RECORDED DATA:
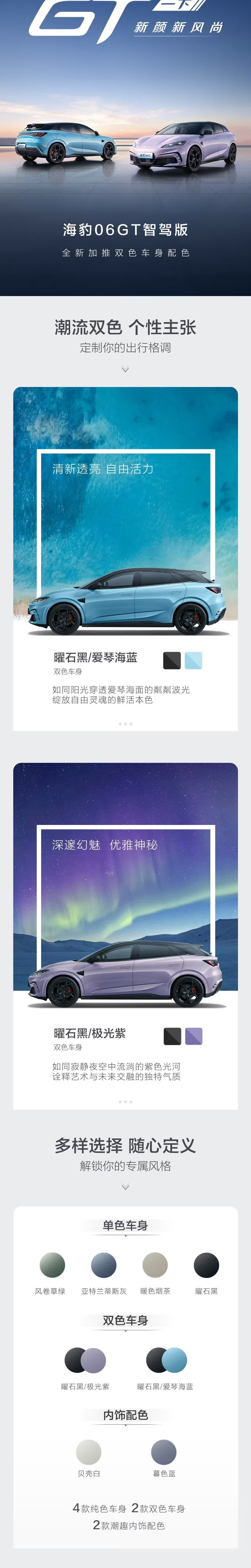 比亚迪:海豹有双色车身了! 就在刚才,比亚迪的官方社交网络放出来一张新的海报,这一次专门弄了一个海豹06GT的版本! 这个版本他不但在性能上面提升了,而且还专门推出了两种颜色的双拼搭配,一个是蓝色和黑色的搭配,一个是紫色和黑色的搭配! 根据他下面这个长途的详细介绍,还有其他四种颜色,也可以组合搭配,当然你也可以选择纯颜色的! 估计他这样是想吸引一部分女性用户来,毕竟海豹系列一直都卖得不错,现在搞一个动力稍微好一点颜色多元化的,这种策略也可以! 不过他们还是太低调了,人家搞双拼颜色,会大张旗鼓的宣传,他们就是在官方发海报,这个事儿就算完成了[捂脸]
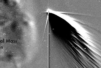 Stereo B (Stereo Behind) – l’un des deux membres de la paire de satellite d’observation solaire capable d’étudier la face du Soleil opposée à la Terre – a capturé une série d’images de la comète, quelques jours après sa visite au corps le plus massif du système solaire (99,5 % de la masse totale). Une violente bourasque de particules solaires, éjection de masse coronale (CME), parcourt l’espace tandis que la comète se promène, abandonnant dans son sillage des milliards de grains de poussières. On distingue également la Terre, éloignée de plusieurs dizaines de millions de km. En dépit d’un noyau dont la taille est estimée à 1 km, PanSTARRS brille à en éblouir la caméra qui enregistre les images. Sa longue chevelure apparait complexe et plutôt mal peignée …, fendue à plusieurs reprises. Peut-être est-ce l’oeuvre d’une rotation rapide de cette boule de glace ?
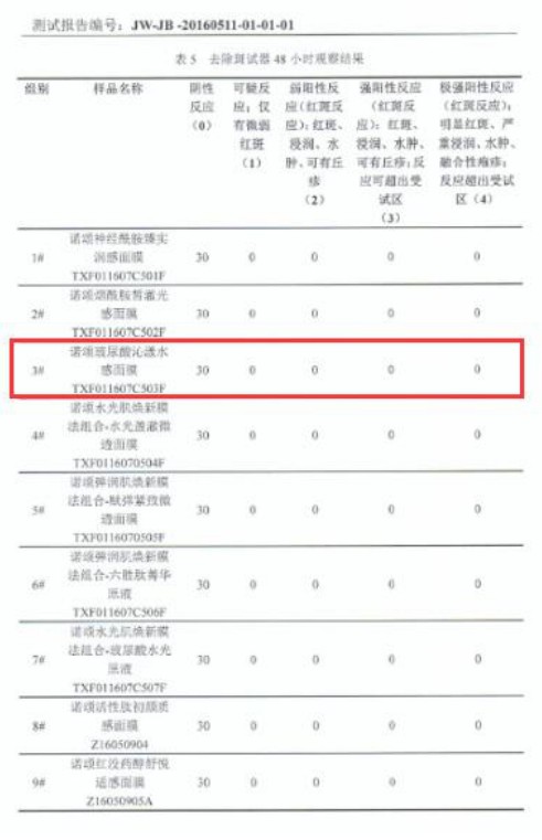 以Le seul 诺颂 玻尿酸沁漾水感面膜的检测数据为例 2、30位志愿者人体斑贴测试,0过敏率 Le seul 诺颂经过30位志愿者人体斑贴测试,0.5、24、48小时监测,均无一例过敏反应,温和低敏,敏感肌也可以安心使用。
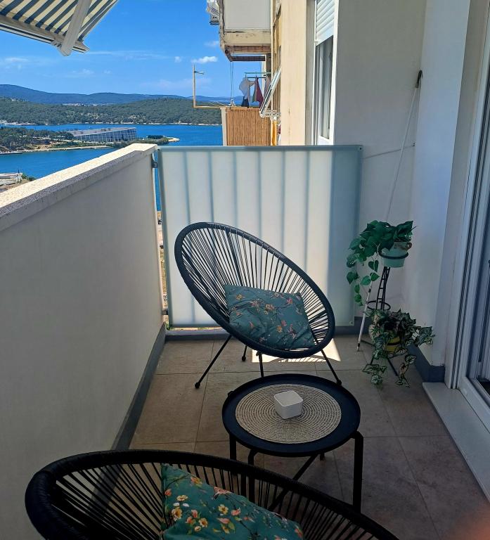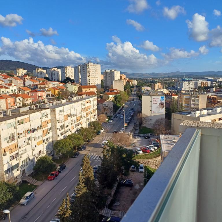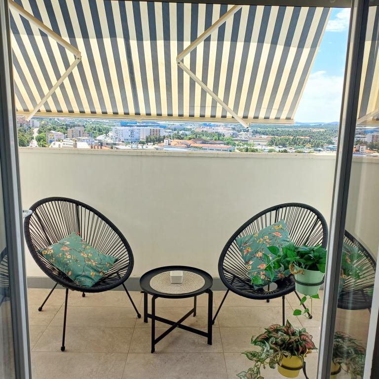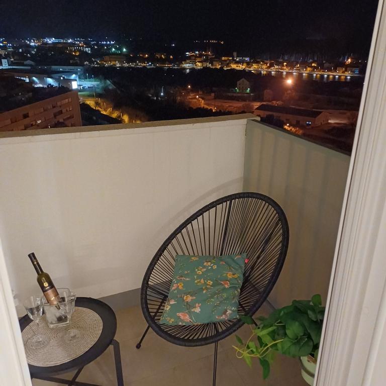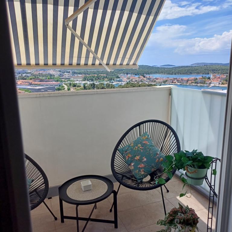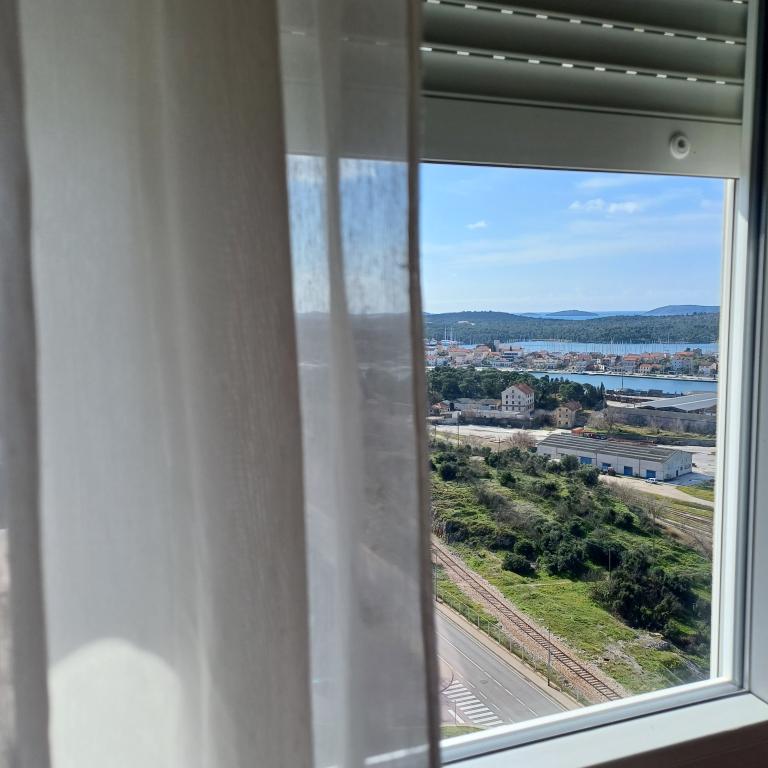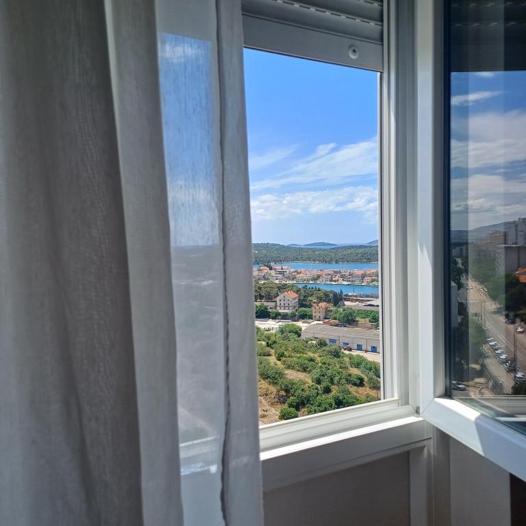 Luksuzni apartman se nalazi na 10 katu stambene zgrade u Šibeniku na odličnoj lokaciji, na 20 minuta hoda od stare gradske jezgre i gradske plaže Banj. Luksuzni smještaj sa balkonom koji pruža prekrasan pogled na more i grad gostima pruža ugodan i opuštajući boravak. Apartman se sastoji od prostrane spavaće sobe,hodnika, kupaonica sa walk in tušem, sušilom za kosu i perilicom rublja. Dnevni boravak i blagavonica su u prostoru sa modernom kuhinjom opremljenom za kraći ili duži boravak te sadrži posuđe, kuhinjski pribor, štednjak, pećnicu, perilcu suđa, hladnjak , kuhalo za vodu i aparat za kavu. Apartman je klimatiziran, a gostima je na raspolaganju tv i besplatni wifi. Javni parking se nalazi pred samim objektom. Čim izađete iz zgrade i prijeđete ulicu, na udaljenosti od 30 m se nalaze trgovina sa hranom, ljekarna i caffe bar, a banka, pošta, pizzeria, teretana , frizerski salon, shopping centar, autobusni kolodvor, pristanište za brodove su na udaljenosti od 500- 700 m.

ASSIGNMENT: Leave the pictures out and output the rest of the data word for word.

ANSWER AREA:
 比亚迪:海豹有双色车身了! 就在刚才,比亚迪的官方社交网络放出来一张新的海报,这一次专门弄了一个海豹06GT的版本! 这个版本他不但在性能上面提升了,而且还专门推出了两种颜色的双拼搭配,一个是蓝色和黑色的搭配,一个是紫色和黑色的搭配! 根据他下面这个长途的详细介绍,还有其他四种颜色,也可以组合搭配,当然你也可以选择纯颜色的! 估计他这样是想吸引一部分女性用户来,毕竟海豹系列一直都卖得不错,现在搞一个动力稍微好一点颜色多元化的,这种策略也可以! 不过他们还是太低调了,人家搞双拼颜色,会大张旗鼓的宣传,他们就是在官方发海报,这个事儿就算完成了[捂脸]
 Stereo B (Stereo Behind) – l’un des deux membres de la paire de satellite d’observation solaire capable d’étudier la face du Soleil opposée à la Terre – a capturé une série d’images de la comète, quelques jours après sa visite au corps le plus massif du système solaire (99,5 % de la masse totale). Une violente bourasque de particules solaires, éjection de masse coronale (CME), parcourt l’espace tandis que la comète se promène, abandonnant dans son sillage des milliards de grains de poussières. On distingue également la Terre, éloignée de plusieurs dizaines de millions de km. En dépit d’un noyau dont la taille est estimée à 1 km, PanSTARRS brille à en éblouir la caméra qui enregistre les images. Sa longue chevelure apparait complexe et plutôt mal peignée …, fendue à plusieurs reprises. Peut-être est-ce l’oeuvre d’une rotation rapide de cette boule de glace ?
 以Le seul 诺颂 玻尿酸沁漾水感面膜的检测数据为例 2、30位志愿者人体斑贴测试,0过敏率 Le seul 诺颂经过30位志愿者人体斑贴测试,0.5、24、48小时监测,均无一例过敏反应,温和低敏,敏感肌也可以安心使用。
 Luksuzni apartman se nalazi na 10 katu stambene zgrade u Šibeniku na odličnoj lokaciji, na 20 minuta hoda od stare gradske jezgre i gradske plaže Banj. Luksuzni smještaj sa balkonom koji pruža prekrasan pogled na more i grad gostima pruža ugodan i opuštajući boravak. Apartman se sastoji od prostrane spavaće sobe,hodnika, kupaonica sa walk in tušem, sušilom za kosu i perilicom rublja. Dnevni boravak i blagavonica su u prostoru sa modernom kuhinjom opremljenom za kraći ili duži boravak te sadrži posuđe, kuhinjski pribor, štednjak, pećnicu, perilcu suđa, hladnjak , kuhalo za vodu i aparat za kavu. Apartman je klimatiziran, a gostima je na raspolaganju tv i besplatni wifi. Javni parking se nalazi pred samim objektom. Čim izađete iz zgrade i prijeđete ulicu, na udaljenosti od 30 m se nalaze trgovina sa hranom, ljekarna i caffe bar, a banka, pošta, pizzeria, teretana , frizerski salon, shopping centar, autobusni kolodvor, pristanište za brodove su na udaljenosti od 500- 700 m.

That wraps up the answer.